Single by Bell Biv DeVoe

from the album Poison
- Released: June 10, 1990
- Genre: New jack swing
- Length: 4:33
- Label: MCA
- Songwriters: Ricky Bell; Michael Bivins; Carl Bourelly; Ronnie DeVoe; Busta Rhymes;
- Producer: Carl Bourelly

Bell Biv DeVoe singles chronology
| "Poison" (1990) | "Do Me!" (1990) | "B.B.D. (I Thought It Was Me)?" (1990) |

= Do Me! =

1990 single by Bell Biv DeVoe

"Do Me!" is a song by American musical group Bell Biv DeVoe. The song was released in 1990 as the second single from the group's debut album, Poison (1990). A remix is included on the group's WBBD-Bootcity!: The Remix Album, released in 1991. "Do Me!" peaked at number three on the US Billboard Hot 100 chart and number eight in New Zealand while also charting in Australia, Canada, and the United Kingdom.

==Composition==
According to Billboard, the song is about sex. According to Ricky Bell, Busta Rhymes wrote the "backstage underage adolescent" lyric from the rap section of the song, performed by Michael Bivins.

==Release and reception==
In June 1990, "Do Me!" entered the US Billboard Hot 100 singles chart at number 92. In September, the song reached number three, tying previous single "Poison" as Bell Biv DeVoe's biggest hit on the Hot 100. Both songs remained on the chart for 22 weeks.
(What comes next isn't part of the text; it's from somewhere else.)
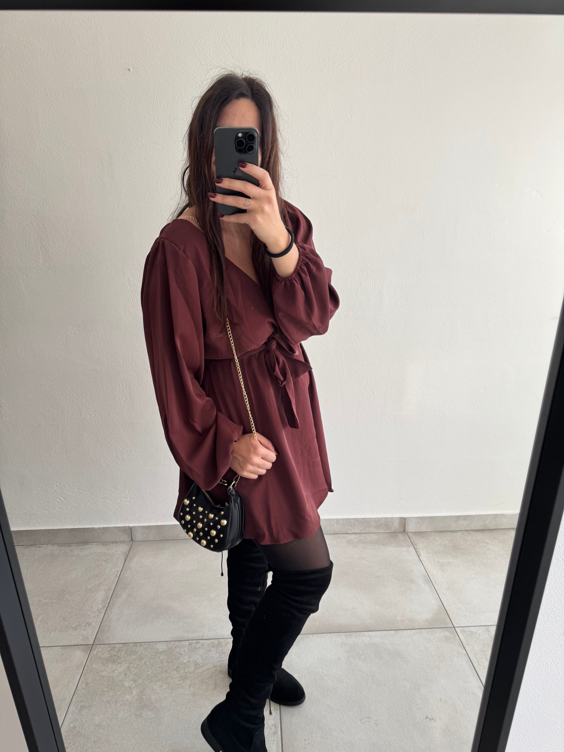 Con polsino elasticizzato maniche larghe e laccetto sul collo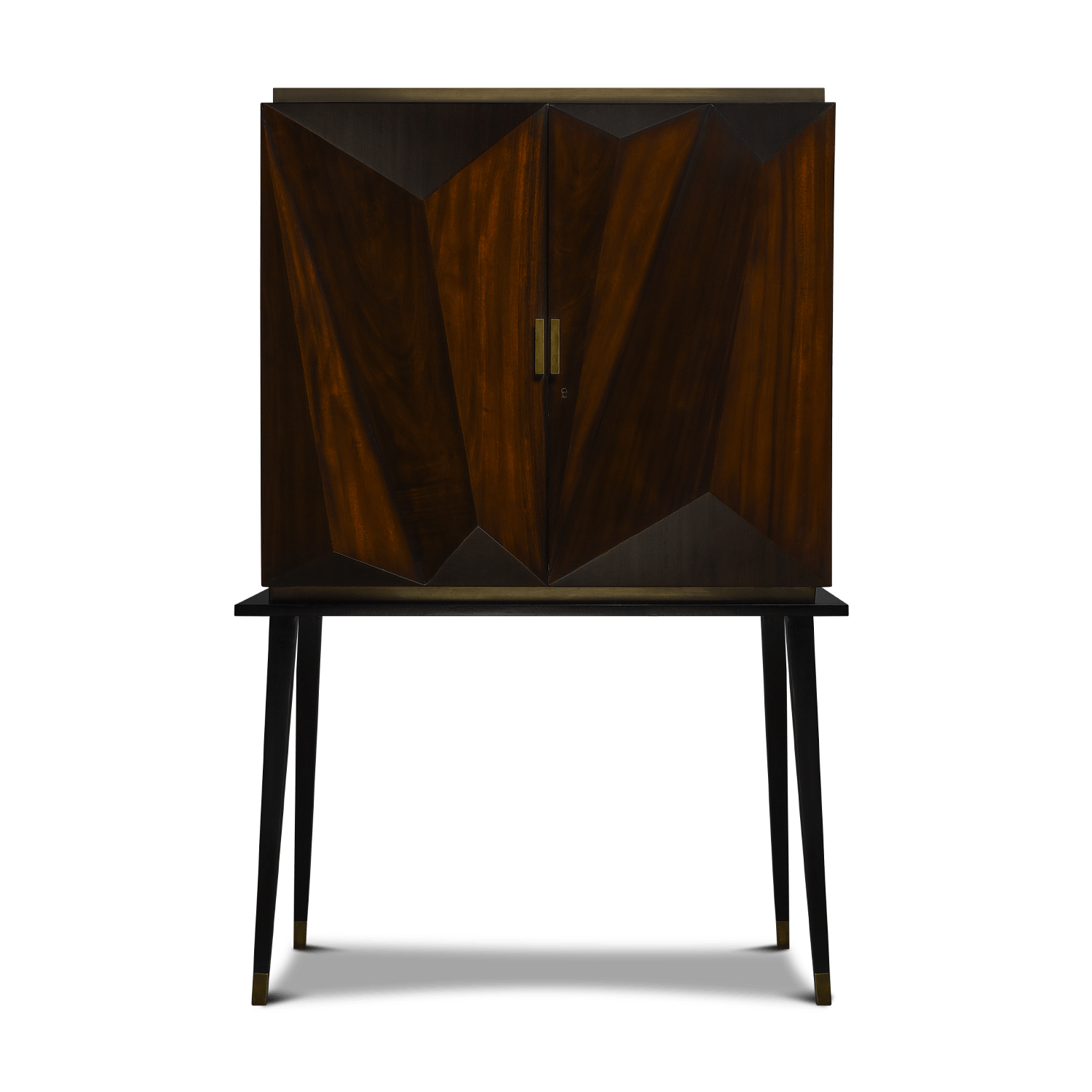 Madera primavera enchapado en huanacastle y ceiba. Herraje en latón anticado.

Elsewhere, the single peaked at number four on the Hot Black Singles chart and number six on the Hot Dance Club Songs chart. The song ranked at number 11 on the Billboard Year-End chart for 1990.

==Legacy==
Davitt Sigerson called the song a "landmark in priapic obsession," and added, "If the true spirit of the male love jones could speak, its words would be B.B.D.'s: 'Slap it up, flip it, rub it down, oh no!'"

==Track listings==
- 7-inch vinyl (US, UK)
1. "Do Me!" – 4:33
2. "Do Me!" (instrumental) – 4:33

- 12-inch vinyl (US)
3. "Do Me!" (Mentality Hip Hop remix) – 8:53
4. "Do Me!" (East Coast Mental mix) – 5:37
5. "Do Me!" (Smoothed Out version) – 3:15

- CD maxi single (US)
6. "Do Me!" (Mentality Hip Hop remix) – 8:53
7. "Do Me!" (East Coast Mental mix) – 5:37
8. "Do Me!" (Smoothed Out version) – 3:15
9. "Do Me!" (Mental mix) – 6:17

==Charts==

===Weekly charts===

| Chart (1990) | Peak position |
|---|---|
| Australia (ARIA) | 60 |
| Canada Top Singles (RPM) | 61 |
| Canada Dance/Urban (RPM) | 3 |
| New Zealand (Recorded Music NZ) | 8 |
| UK Singles (Official Charts) | 56 |
| US Billboard Hot 100 | 3 |
| US Dance Club Songs (Billboard) | 6 |
| US Dance Singles Sales (Billboard) | 2 |
| US Hot R&B/Hip-Hop Songs (Billboard) | 4 |
| US Cash Box Top 100 | 5 |

===Year-end charts===

| Chart (1990) | Position |
|---|---|
| Canada Dance/Urban (RPM) | 49 |
| New Zealand (RIANZ) | 38 |
| US Billboard Hot 100 | 11 |
| US 12-inch Singles Sales (Billboard) | 22 |
| US Hot R&B Singles (Billboard) | 24 |
| US Cash Box Top 100 | 38 |

==Release history==

| Region | Date | Format(s) | Label(s) | Ref. |
| United States | June 10, 1990 | 7-inch vinyl; 12-inch vinyl; CD; cassette; | MCA | ^{[citation needed]} |
| Japan | July 25, 1990 | Mini-CD |  |
| Australia | August 20, 1990 | 7-inch vinyl; 12-inch vinyl; cassette; |  |
| United Kingdom | September 10, 1990 | 7-inch vinyl; 12-inch vinyl; CD; cassette; |  |
| September 17, 1990 | 12-inch remix vinyl |  |
| Australia | October 8, 1990 | CD |  |

==In popular culture==

"Do Me!" was featured during a scene in the 2002 romantic comedy film 40 Days and 40 Nights and a second season episode of the television series Pose. A parody of the song by cover band and comedy act Richard Cheese and Lounge Against the Machine appears on their 2005 album Aperitif for Destruction. The song was covered by "Weird Al" Yankovic for his polka medley "Polka Your Eyes Out" from his 1992 album Off the Deep End. TV star Jensen Ackles sang this song in the season three gag reel of Supernatural.